Опять в свое оправдание приходится ссылаться на перерыв, больше не на что, день опять уполз за полдень, причем далеко. Сейчас, перечитывая Ваше письмо, вдруг с изумлением понял, что совсем ничего не знаю о Вашей прежней жизни, мысленным взором успел только выхватить из зарослей плюща Ваше личико маленькой девочки, что задумчиво смотрит на раскинувшиеся окрест поля. И почти нет иного средства узнать больше, чем возможно узнать из написанного. Не верьте ничему другому! Вы сочтете меня несносным, вздумай я к Вам приехать. Помните, каким я был по дороге в гостиницу, – вот такой я и есть. Мой образ жизни, с помощью которого, впрочем, мне удалось вылечить желудок, показался бы Вам нелепым и невыносимым. Месяцами во время моих вечерних трапез отцу приходилось прятать лицо за газетой, прежде чем он сумел к ним привыкнуть. Да и одеваюсь я вот уже несколько лет кое-как. Один и тот же костюм верой и правдой служит мне на работе и на улице, дома за письменным столом и даже зимой и летом. От холодов я закалился едва ли не лучше деревянной чурки, но даже это, наверно, еще не повод, чтобы одеваться, как я, то есть,

например, расхаживать вплоть до ноября без плаща или пальто, являя в своем летнем костюмчике и летней же шляпе зрелище почти шутовское среди закутанных прохожих, принципиально не надевать жилетку (я изобретатель безжилеточной моды), не говоря уж о некоторых иных, опускаемых здесь, странных особенностях моего нижнего белья. Представляю, как бы Вы испугались, встреться Вам возле церкви, которую я так хорошо себе представляю в начале Вашей улицы, подобный чудак! Моему образу жизни есть несколько (помимо того, что я, с тех пор как его веду, стал несравненно здоровее, чем прежде) объяснений, но ни одно из них Вы не сочтете убедительным, особенно потому, что все, что в нем может быть здорового (а я, конечно же, еще и не курю, не пью ни алкоголя, ни кофе, ни чая, да и шоколад, – признаюсь, разоблачая задним числом свое малодушное умолчание, – в общем, тоже не ем), я с лихвой перекрываю нехваткой сна. Однако, дражайшая мадемуазель Фелиция, это не повод, чтобы окончательно махнуть на меня рукой, равно как и пытаться меня в этих вещах исправить, – лучше просто по-дружески меня терпеть, но на большом расстоянии. Ибо, видите ли, вчера вечером, придя домой с промозглого холода в обычном своем облачении и принявшись за свою, почти изо дня в день неизменную вечернюю трапезу, я слушал рассказы своего зятя и того, кому еще только предстоит таковым стать, а потом, покуда все прощались в прихожей, оставшись один в комнате (вечером я ем теперь между половиной десятого и десятью), вдруг испытал приступ столь острого влечения к Вам, что впору было уткнуться лицом в стол, лишь бы себя сдержать.

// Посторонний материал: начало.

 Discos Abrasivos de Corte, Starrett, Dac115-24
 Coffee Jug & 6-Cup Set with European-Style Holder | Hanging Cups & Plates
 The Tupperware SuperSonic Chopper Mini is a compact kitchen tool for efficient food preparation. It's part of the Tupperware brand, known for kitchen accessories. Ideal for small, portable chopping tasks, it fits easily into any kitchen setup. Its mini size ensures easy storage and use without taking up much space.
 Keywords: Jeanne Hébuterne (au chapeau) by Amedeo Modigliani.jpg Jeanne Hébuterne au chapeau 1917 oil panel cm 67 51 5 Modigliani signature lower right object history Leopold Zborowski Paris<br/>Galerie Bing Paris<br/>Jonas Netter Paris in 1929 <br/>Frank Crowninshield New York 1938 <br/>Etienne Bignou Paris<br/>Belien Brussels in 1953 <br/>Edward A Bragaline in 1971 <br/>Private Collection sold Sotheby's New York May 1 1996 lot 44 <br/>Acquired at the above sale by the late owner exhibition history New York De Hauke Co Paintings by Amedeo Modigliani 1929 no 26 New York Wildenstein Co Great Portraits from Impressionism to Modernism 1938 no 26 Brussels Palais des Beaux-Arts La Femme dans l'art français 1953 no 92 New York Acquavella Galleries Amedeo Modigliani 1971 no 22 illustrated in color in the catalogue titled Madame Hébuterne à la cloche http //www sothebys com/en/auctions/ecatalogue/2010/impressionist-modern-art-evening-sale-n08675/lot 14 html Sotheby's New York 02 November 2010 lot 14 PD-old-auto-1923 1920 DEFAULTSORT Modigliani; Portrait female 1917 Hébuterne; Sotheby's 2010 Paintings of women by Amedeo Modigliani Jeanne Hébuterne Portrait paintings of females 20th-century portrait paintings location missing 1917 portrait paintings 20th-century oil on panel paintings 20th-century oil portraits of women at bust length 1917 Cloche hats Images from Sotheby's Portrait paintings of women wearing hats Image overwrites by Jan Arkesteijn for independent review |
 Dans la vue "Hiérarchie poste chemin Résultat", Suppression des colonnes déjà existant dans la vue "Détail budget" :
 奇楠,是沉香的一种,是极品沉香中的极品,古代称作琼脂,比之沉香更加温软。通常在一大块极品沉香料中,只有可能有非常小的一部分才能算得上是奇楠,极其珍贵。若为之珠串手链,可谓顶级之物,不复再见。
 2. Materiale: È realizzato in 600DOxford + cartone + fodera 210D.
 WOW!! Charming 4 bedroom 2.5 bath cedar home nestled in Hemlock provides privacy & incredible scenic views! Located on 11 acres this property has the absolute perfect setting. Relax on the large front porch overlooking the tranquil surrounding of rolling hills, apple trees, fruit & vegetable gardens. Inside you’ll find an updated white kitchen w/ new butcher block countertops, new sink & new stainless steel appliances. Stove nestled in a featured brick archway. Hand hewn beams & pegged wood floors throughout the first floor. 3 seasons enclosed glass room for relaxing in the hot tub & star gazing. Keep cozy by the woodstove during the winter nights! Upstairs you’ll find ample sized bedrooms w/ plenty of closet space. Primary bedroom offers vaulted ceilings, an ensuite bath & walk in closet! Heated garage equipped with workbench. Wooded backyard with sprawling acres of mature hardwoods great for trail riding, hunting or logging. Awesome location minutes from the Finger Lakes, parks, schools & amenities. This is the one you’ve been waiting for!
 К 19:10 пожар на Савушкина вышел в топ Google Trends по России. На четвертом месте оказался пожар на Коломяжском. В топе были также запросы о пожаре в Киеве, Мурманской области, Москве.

Вы считаете меня куда моложе моих лет, и мне почти хочется скрыть свой возраст, ибо непомерно высокая эта цифра придает всему, чем я Вам докучаю, оттенок еще большей курьезности. А я, между тем, почти на год старше Макса, 3 июля мне исполняется 30 лет. Впрочем, выгляжу я почти юношей, и в зависимости от проницательности непосвященного наблюдателя, мне дают обычно от 18 до 25.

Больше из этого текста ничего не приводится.